**REQUIRED WORK:** Return every line from the one with "Dorothy 10-in White" through the one with "Foi então que", inclusive, exactly as it appears below.

**DATA FOR PROCESSING:**
____________

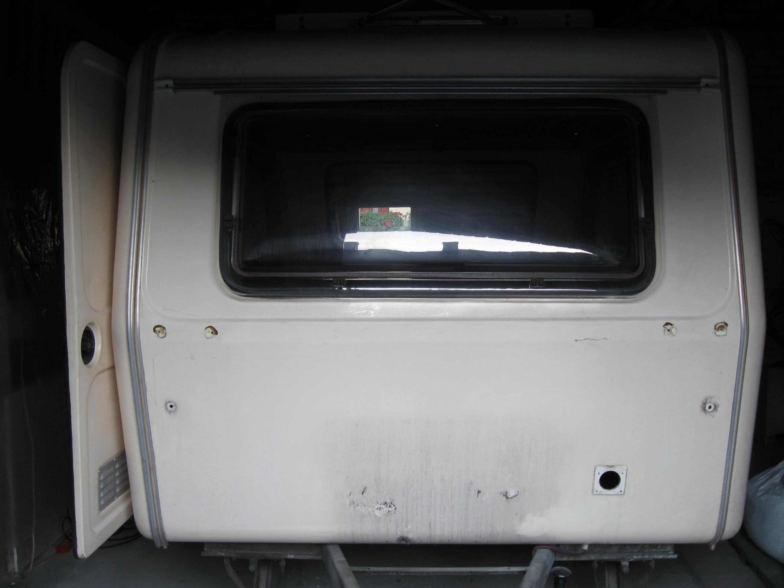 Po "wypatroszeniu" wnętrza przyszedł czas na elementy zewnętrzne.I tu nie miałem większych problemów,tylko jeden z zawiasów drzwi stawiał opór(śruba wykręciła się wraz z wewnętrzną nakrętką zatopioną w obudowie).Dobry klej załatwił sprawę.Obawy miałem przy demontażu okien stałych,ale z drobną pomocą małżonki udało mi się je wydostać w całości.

____________

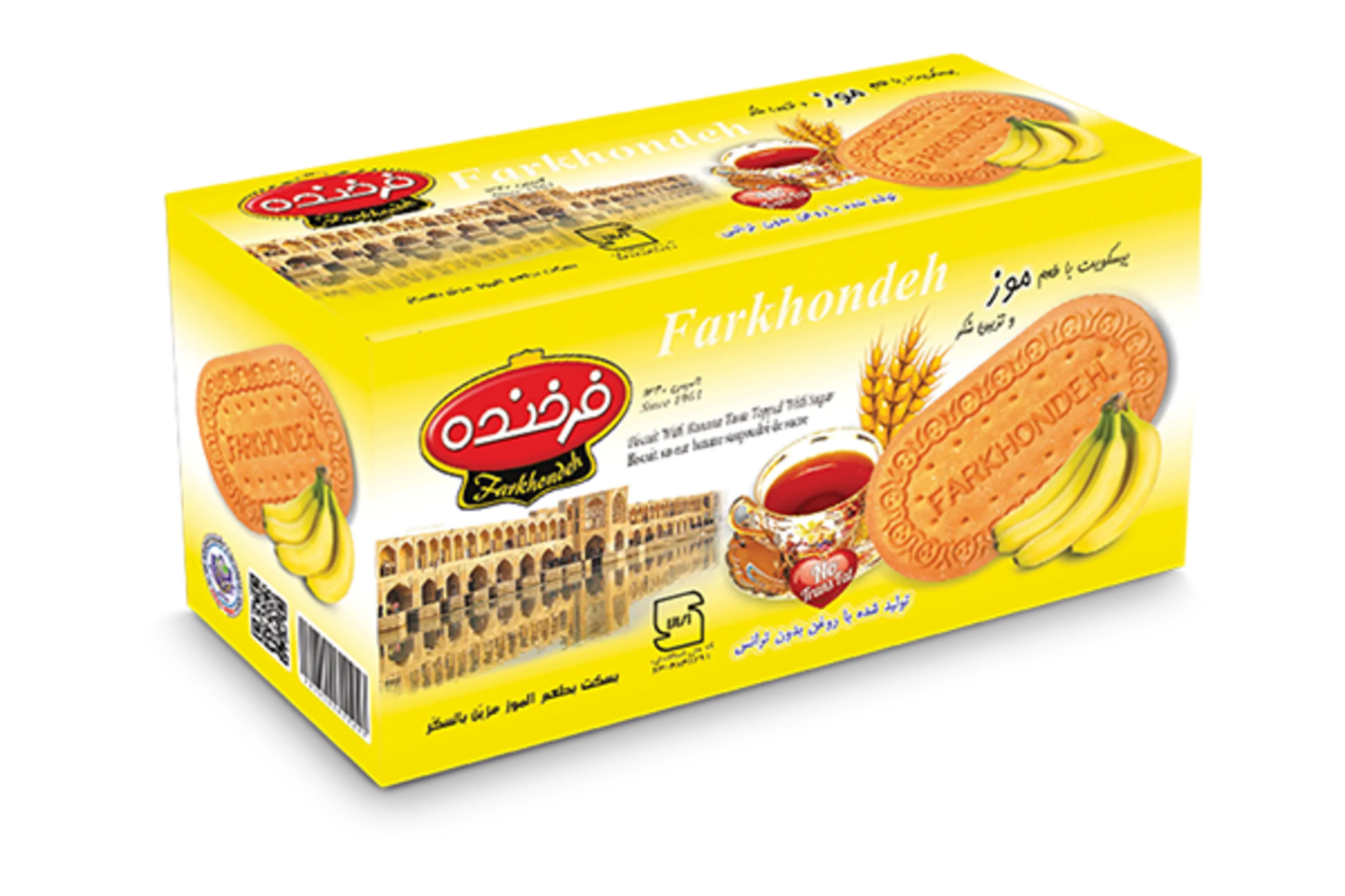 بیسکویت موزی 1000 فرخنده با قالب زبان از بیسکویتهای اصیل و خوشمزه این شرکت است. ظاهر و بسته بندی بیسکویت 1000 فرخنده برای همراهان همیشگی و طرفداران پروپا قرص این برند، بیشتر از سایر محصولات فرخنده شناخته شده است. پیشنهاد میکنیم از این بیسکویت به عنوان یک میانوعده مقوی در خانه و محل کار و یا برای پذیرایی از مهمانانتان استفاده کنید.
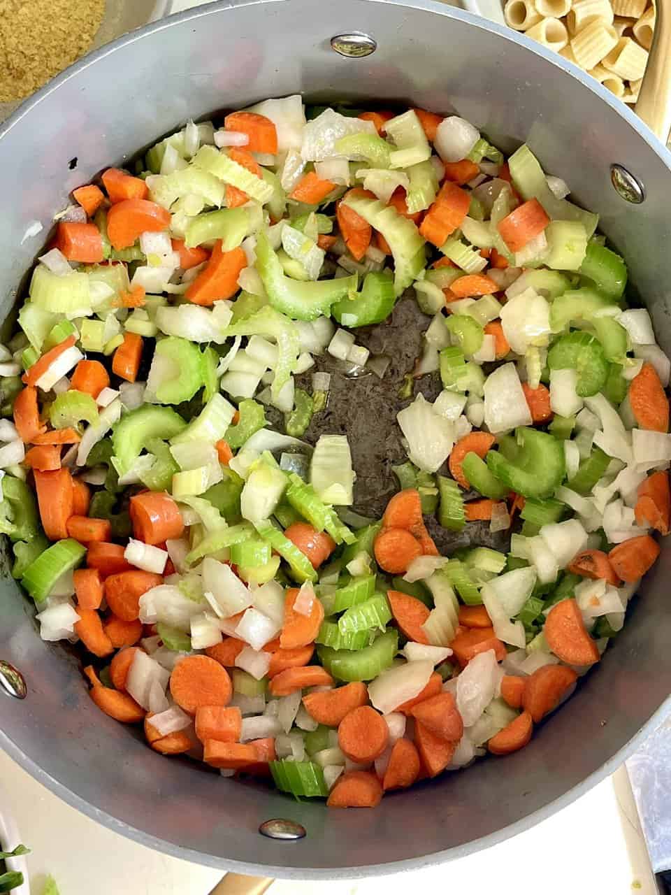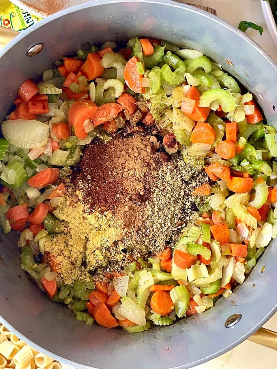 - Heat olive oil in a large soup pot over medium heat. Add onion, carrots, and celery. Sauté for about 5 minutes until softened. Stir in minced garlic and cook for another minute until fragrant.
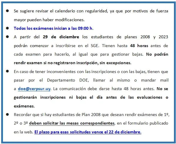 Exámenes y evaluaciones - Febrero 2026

____________

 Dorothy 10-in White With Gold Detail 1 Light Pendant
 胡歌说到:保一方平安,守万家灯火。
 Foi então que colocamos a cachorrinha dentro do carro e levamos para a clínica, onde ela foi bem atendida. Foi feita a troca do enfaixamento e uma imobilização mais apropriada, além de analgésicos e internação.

____________

**RESPONSE TO THIS TASK:**
 Dorothy 10-in White With Gold Detail 1 Light Pendant
 胡歌说到:保一方平安,守万家灯火。
 Foi então que colocamos a cachorrinha dentro do carro e levamos para a clínica, onde ela foi bem atendida. Foi feita a troca do enfaixamento e uma imobilização mais apropriada, além de analgésicos e internação.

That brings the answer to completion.